Never Seen It: The Hours

NSI_the hours_poster

Date released: January 24, 2003

Date watched: January 17, 2014

Why now?: With Meryl Streep starring as the strong-willed mother in the dramatic and critically acclaimed August: Osage County, I decided to dive into another one of her dramatic works. Having majored in English in university, I was also attracted to the concept of this film (it’s based on the life of Virginia Woolf and her novel Mrs. Dalloway).

Why not then?: I probably didn’t realize it even existed when it was first released, but I’m actually thankful I didn’t see it then, because I know I wouldn’t have appreciated this as much as I do now.


  • A lot of deaths
  • A melodramatic film about three women who are crumbling under the pressures and emotions of life
  • An intertwining of three stories of three very different women, living in very different times and experiencing very different pressures
  • A fantastic performance by Nicole Kidman as Virginia Woolf (she won countless accolades for this performance, including an Oscar)

What I actually got:

  • The opening scene was one of Virginia Woolf’s suicide and the writing of her letter to her ever-loyal and supportive lover, so clearly I thought the first of my expectations had been met.
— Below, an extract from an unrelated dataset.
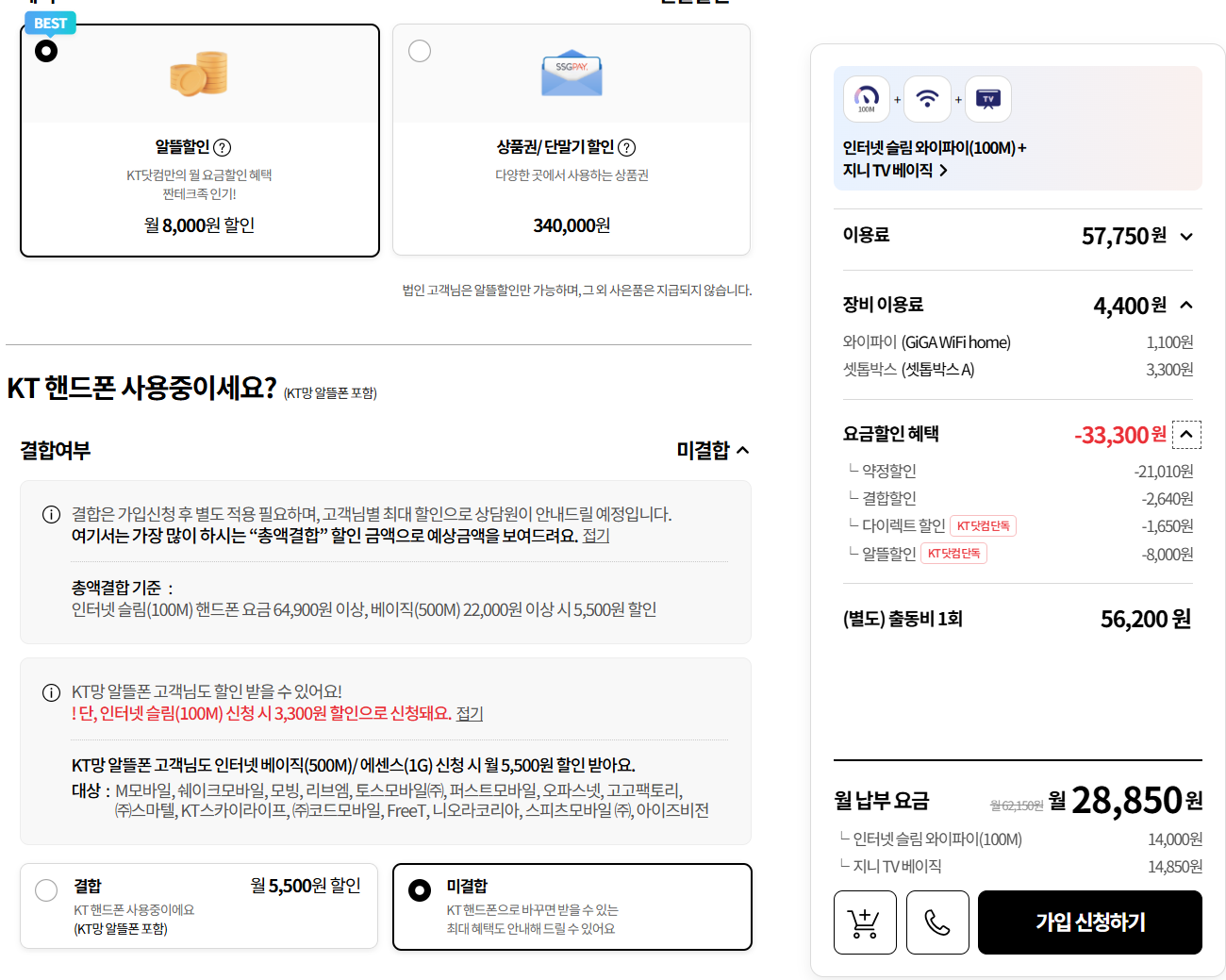 엠모바일에서 KT 인터넷 + TV 트리플 결합 할인 중인데

But as the movie progressed, I was surprised to see that, actually, there weren’t that many deaths for a film about three women struggling with suicide and feelings of absolute loneliness.
  • A deeper understanding of how complex the choice between life and death can really be when absent of illness, and how seemingly unforgivable acts suddenly appear unselfish, perhaps even selfless.
  • While all three women echoed the theme of Mrs. Dalloway, I was actually kind of disappointed with Meryl Streep’s performance as the modern-day, seemingly blissful editor and party hostess Clarissa Vaughan. Kidman definitely stole the show in this film.
  • The speed, depth and intensity of the plot perfectly reflected the tone of Mrs. Dalloway and the seemingly trivial but ever-agonizing lives of Virginia, 1950s housewife Laura Brown (Julianne Moore) and Clarissa and how they battled with the question of life or death, with life being the life they craved, not the life that was. The film was never showy or overdramatic, pushing and pulling only as much as it absolutely had to, which allowed me, the lone viewer, to experience every emotion, every moment, no matter how trivial it may have seemed. Some may find it flat; I found it perfect.

One night-in stand or second date potential?: I have to admit that this film really hit home for me. Having been to England not too long ago and walked the halls of Virginia Woolf’s house and the long path to the site at which she was believed to have walked into the river, the opening scene plunged me into an emotional wreck. It just got worse from there. The subject matter was heavy, though darkly uplifting at moments, and the key topic echoed some rather heavy experiences in my life. Happily, I watched this film in private, which allowed me to fall into the plot’s lulling push and relate to the characters. If I do watch this film again, it won’t be for a long time, and I’m certain my experience will be much different at that time. For now, I say it’s a one night-in stand, alone. I wouldn’t share this movie with anyone in the world; the experience was mine, and mine alone, and that was perfect.


2 responses to “Never Seen It: The Hours

  1. I just love this movie, in all its melancholy. It was Julianne Moore’s character that really got to me. She played a character that could easily be seen as some kind of monster with a great deal of sensitivity.